Go through the entries below and return every line that contains "also".

RECORDS FOR PROCESSING:
************

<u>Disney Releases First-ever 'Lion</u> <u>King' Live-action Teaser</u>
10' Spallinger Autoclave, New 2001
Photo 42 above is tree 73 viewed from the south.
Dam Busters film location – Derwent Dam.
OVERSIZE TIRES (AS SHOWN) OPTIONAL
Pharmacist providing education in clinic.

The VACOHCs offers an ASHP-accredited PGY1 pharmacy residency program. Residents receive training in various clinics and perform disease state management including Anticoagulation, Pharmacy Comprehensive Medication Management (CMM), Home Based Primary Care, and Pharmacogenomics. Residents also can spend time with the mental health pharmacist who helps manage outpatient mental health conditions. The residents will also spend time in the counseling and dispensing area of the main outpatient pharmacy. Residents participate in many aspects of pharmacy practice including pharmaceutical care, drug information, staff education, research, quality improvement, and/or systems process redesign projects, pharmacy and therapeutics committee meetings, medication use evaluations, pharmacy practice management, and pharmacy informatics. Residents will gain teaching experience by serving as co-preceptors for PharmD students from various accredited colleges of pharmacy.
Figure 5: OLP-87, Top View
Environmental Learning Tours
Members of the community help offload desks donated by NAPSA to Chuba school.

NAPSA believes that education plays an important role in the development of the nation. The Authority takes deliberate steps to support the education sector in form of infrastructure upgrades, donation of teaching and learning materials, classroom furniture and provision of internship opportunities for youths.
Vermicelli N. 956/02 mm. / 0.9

************

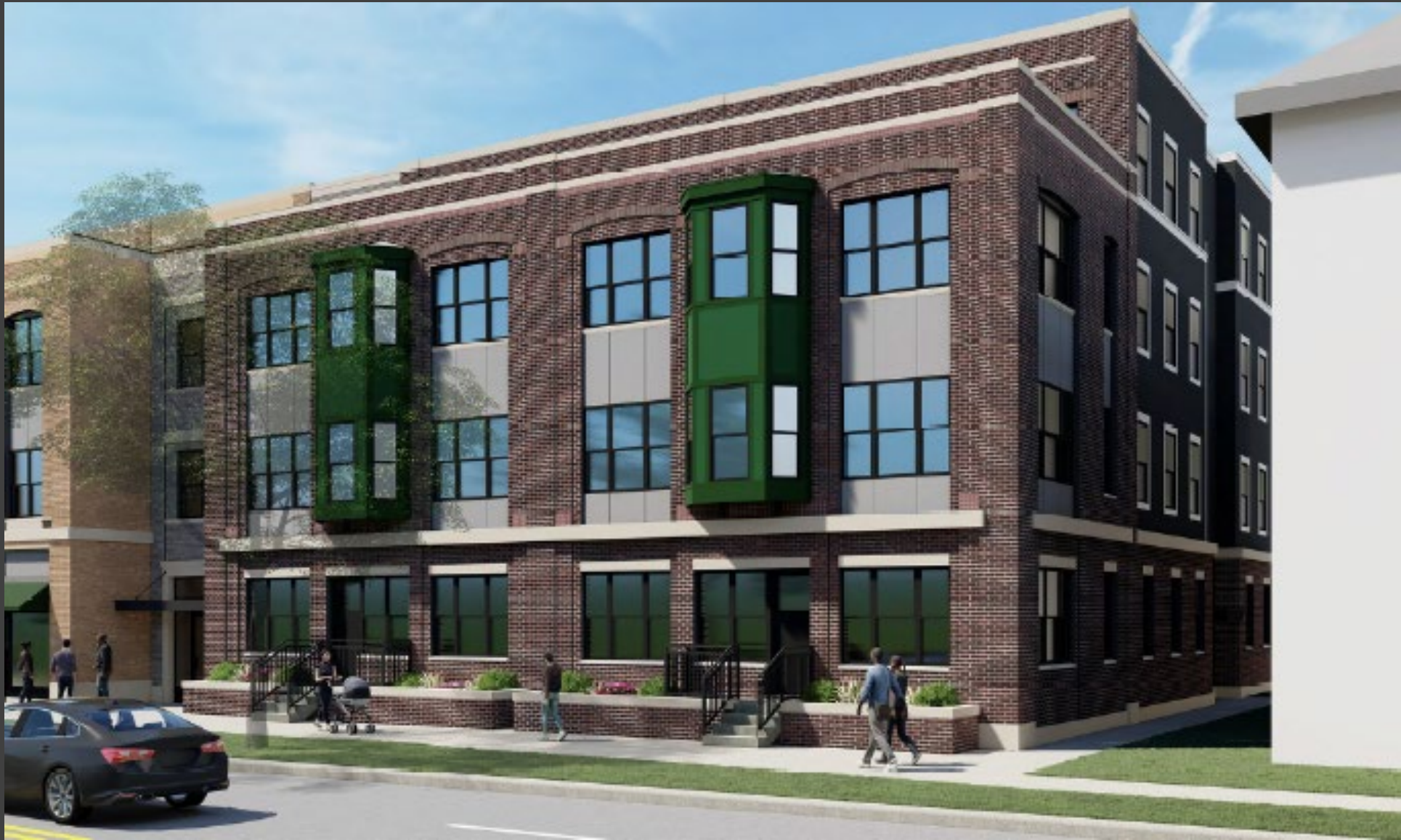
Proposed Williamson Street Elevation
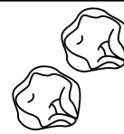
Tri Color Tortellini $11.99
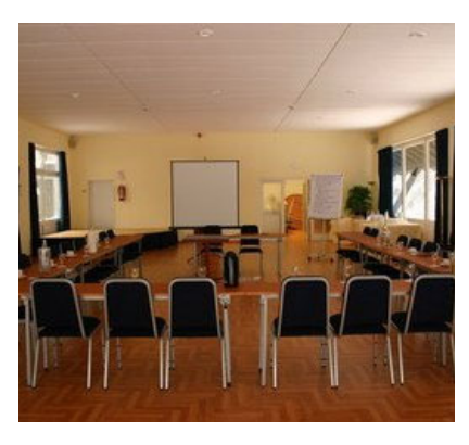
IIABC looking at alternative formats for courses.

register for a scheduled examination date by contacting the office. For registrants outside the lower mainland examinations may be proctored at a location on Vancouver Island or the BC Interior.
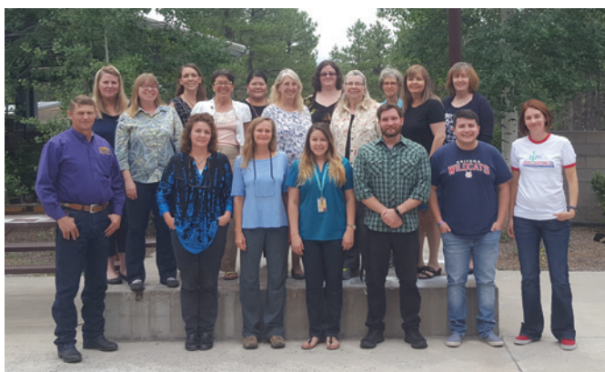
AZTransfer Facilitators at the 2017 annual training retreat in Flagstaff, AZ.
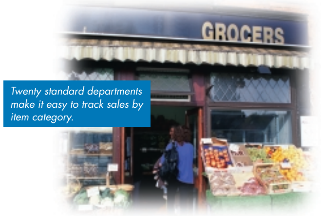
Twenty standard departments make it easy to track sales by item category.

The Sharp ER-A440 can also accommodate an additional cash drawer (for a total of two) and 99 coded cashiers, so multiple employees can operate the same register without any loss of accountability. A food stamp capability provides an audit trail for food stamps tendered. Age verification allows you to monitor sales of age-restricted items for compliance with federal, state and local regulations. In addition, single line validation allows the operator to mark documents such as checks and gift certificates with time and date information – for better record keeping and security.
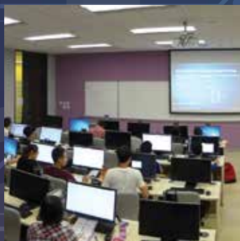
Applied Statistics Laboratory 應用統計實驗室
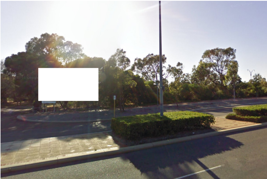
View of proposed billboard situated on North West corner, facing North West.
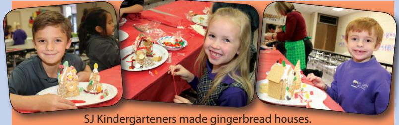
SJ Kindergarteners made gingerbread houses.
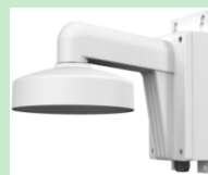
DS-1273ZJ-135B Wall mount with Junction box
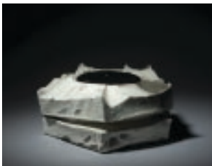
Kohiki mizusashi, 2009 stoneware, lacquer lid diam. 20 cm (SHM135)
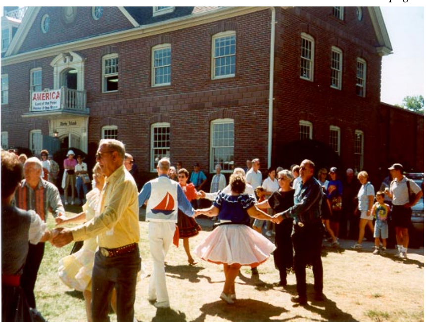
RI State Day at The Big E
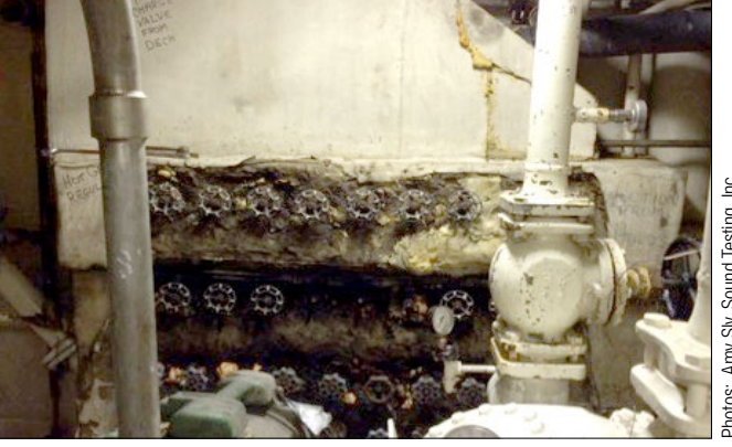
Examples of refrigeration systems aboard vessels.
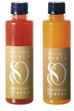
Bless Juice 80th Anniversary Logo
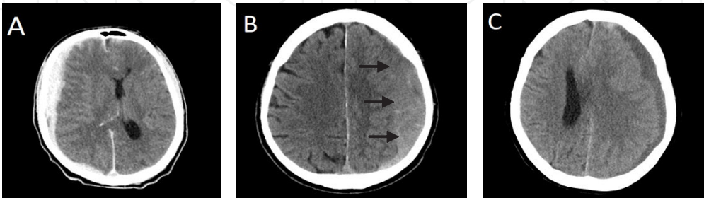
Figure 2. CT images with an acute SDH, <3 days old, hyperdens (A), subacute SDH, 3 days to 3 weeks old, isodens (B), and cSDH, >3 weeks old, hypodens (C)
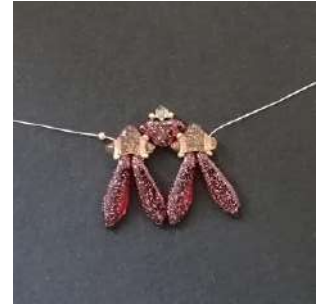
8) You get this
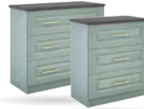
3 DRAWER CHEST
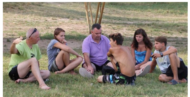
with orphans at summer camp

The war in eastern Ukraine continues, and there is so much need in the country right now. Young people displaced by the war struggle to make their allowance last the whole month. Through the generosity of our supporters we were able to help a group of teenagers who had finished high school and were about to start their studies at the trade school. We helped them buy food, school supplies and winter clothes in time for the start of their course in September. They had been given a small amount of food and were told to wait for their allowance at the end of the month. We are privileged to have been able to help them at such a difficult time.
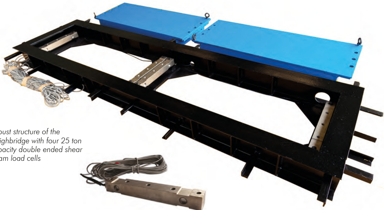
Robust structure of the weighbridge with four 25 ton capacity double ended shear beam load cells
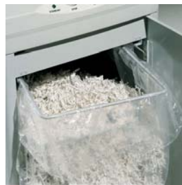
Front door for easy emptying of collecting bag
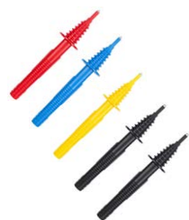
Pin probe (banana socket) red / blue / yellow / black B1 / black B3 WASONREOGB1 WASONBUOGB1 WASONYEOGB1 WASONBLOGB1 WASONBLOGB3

************

SOLUTION:
The VACOHCs offers an ASHP-accredited PGY1 pharmacy residency program. Residents receive training in various clinics and perform disease state management including Anticoagulation, Pharmacy Comprehensive Medication Management (CMM), Home Based Primary Care, and Pharmacogenomics. Residents also can spend time with the mental health pharmacist who helps manage outpatient mental health conditions. The residents will also spend time in the counseling and dispensing area of the main outpatient pharmacy. Residents participate in many aspects of pharmacy practice including pharmaceutical care, drug information, staff education, research, quality improvement, and/or systems process redesign projects, pharmacy and therapeutics committee meetings, medication use evaluations, pharmacy practice management, and pharmacy informatics. Residents will gain teaching experience by serving as co-preceptors for PharmD students from various accredited colleges of pharmacy.
The Sharp ER-A440 can also accommodate an additional cash drawer (for a total of two) and 99 coded cashiers, so multiple employees can operate the same register without any loss of accountability. A food stamp capability provides an audit trail for food stamps tendered. Age verification allows you to monitor sales of age-restricted items for compliance with federal, state and local regulations. In addition, single line validation allows the operator to mark documents such as checks and gift certificates with time and date information – for better record keeping and security.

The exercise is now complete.